For a moment, he simply stood there while the sound washed over him.
He had watched scenes like this in anime and games before. Heroes returning from battle. Villagers cheering. People celebrating because someone had protected them from danger. Those scenes always made his blood boil, but experiencing it himself was something entirely different.
It was intoxicating.
The fear, exhaustion, and nausea from the battle slowly faded beneath the warmth of the crowd’s attention. For the first time in both of his lives, people were looking at him with pride, not disappointment.
Ka’z’s chest tightened as he watched the kobolds clap and wave toward him. He wanted to pretend it did not affect him, but it did. It felt like something inside him had finally awakened, something that had been buried beneath years of failure and isolation in his old life.
The goblin corpses were handed over to the crowd.
The celebration immediately turned darker.
Several kobolds began tearing at the bodies with rage. The heads were separated from the corpses and carried toward the border towers, where soldiers nailed them onto wooden stakes as a warning to anything watching from the forest.
The message was clear.
Vaal’kor Clan had been attacked.
Vaal’kor Clan had answered.
Near the center of the colony, a funeral pyre had been built for Su’ki. Dry wood, old furniture, broken baskets, and fallen branches were stacked into a tall mound beneath the open sky. Her body had been carefully wrapped in cloth and placed at the center, her face covered so the colony would remember her as she had lived rather than how she had died.

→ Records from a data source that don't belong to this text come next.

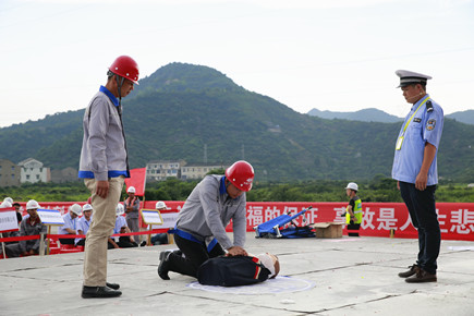 7月5日下午,根據(jù)“安全生產(chǎn)月”活動安排,內(nèi)環(huán)路(黃巖段)四個標(biāo)段的施工、監(jiān)理單位分別派出代表隊,在內(nèi)環(huán)北路(黃巖段)第四標(biāo)段施工現(xiàn)場,依次開展消防、現(xiàn)場急救和意外窒息事故的應(yīng)急救援演練。
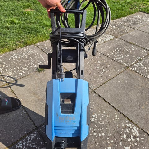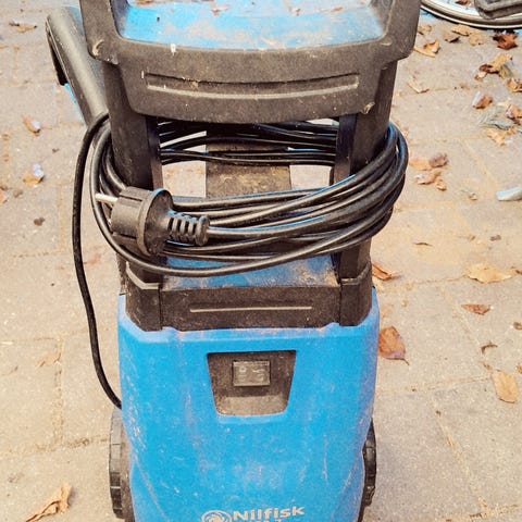 Medfølgende højtryksslange og sprøjtepistol ses på billederne. Velegnet til rengøring af fx terrasse, indkørsel, havemøbler eller cykler.
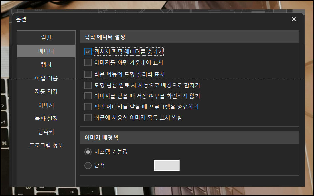 설치가 완료되면 기본 설정을 해보겠습니다. 작업표시줄 오른쪽 아래에 있는 픽픽 아이콘을 찾아서 오른쪽 버튼으로 클릭하세요. 설정 메뉴를 선택하면 다양한 옵션을 조정할 수 있어요. 캡처 설정에서 프린트스크린 버튼을 눌렀을 때 자동으로 지정된 폴더에 보관되도록 할 수 있습니다.
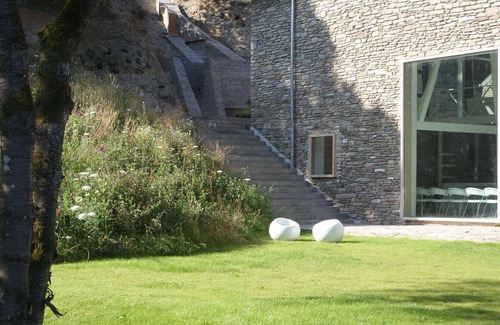 This spacious holiday home accommodates 24 to 34 guests, perfect for family gatherings, friends, or corporate retreats. Perched atop a mountain, it offers breathtaking views of the Lesse River and Ardennes forests. Guests enjoy close proximity to the Almache and Marche rivers, the charming book village of Redu, and the Euro Space Center. Hiking opportunities abound in Europe’s most connected forest, while supermarkets lie just 7 km away. Designed for large groups, the home features a vast living area, a dining room with a large table, and an open kitchen ideal for communal cooking. Outside, there’s an outdoor kitchen with a fireplace, terraces shaded by plane trees, and a private village square. Parking for 12 cars is on-site, with extra parking nearby. House rules ensure a peaceful stay: no disturbances to neighbors, a strict maximum of 34 guests, and no loud personal audio devices (an in-house system with HD+ screen is provided for presentations).
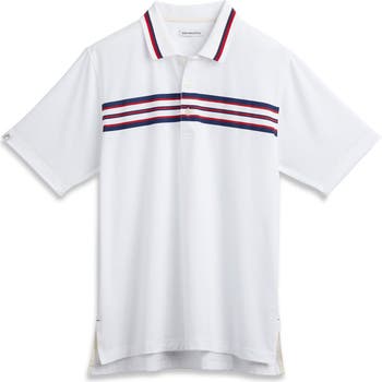 This golf polo looks cool and feels cool with old-school stripes in our exclusive Dry Release fabric, the unique fabric blend feels like pure cotton, but provides all day performance attributes golfers rely on for feeling their best in the sun and in motion. This easy care fabric delivers moisture wicking, four-way stretch, and UV protection.

The remaining goblin corpses were thrown around the base of the pyre.
When the fire was lit, flames climbed into the darkening sky.
The smell of burning wood mixed with the scent of blood and smoke as the kobolds gathered around the pyre. Some sang old songs in low voices, their words carrying through the forest like a prayer. Others danced around the flames, their movements heavy and rhythmic as they stomped their feet against the ground.
It was the Vaal’kor Clan reminding itself that even if one of them died, the rest would remember.
Ka’z sat alone on a fallen log near the edge of the gathering, West curled beside him with his head resting against Ka’z’s thigh. The fire reflected in his golden scales as he watched the kobolds dance around Su’ki’s pyre.
Lan’ka was nowhere to be seen.
Neither were Tud’or, Tong’a, O’nil, or the other important members of the colony.
Ka’z did not need to ask where they had gone. They were probably discussing the Ashmork Clan.
Around him, the kobolds laughed, sang, and raised their claws toward the flames as though they had won something important.
Ka’z watched them in silence. Then he looked beyond the fire toward the dark forest stretching past the border towers. He wondered if any of them truly understood what was coming.